Есть такой еврейско-австрийский писатель Йозеф Рот, который в начале XX века писал эссеистику про Берлин. И у него есть эссе, где он описывает, как ходит в берлинские пивные. Как-то раз мы с друзьями пошли по тбилисским барам, и мне захотелось повторить за Ротом и описать этот день. Этот текст в итоге стал главой в книге. Я тогда подумал: мне понравилось, продолжу-ка я описывать свою жизнь. И поставил себе рамку — рамки вообще часто полезны для творчества, — что буду писать все лето.

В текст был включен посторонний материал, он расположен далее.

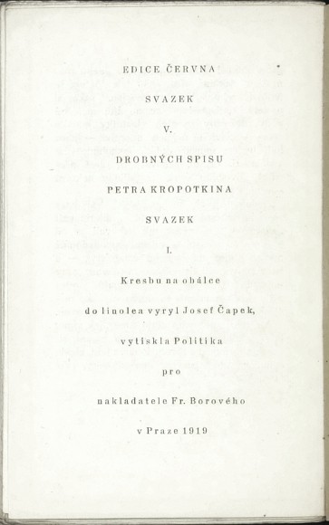 (Čapek). Kropotkin, Petr (1842-1921). "Anarchistická morálka. Komunism a anarchie. Velká revoluce". Praha: Borový, 1919. Edice Června, sv. V. 12°. 137, (1) str. Obálka J. Čapek. OIlBrož.

Я тогда прочитал какое-то количество автофикциональных текстов вроде трилогии Оксаны Васякиной и «Современной природы» Дерека Джармена. Плюс мне очень нравилось, как Оливия Лэнг перемешивает личное с нон-фикшеном. Ведешь текст про себя, а потом вдруг неожиданно делаешь главу про Энди Уорхола — это у Лэнг, — меня поразило, что так можно.
Теперь многие друзья и родственники пытаются обсуждать со мной автофикшен, как будто я в нем разбираюсь. Это не так, но я пытаюсь. Я думаю, что, возможно, идея автофикшена возникла с появлением блогов. Люди стали про себя говорить в интернете — это логичная эволюция. Я пришел к выводу, что автофикциональные тексты объединяет не то, как текст устроен, а скорее то, что это тексты на темы и от лица людей, которые в литературе часто игнорируются, — про травму, женский опыт, квир-опыт, тексты через деколониальную и постколониальную оптику. А какие там внутри художественные особенности — не принципиально для жанра, мне кажется.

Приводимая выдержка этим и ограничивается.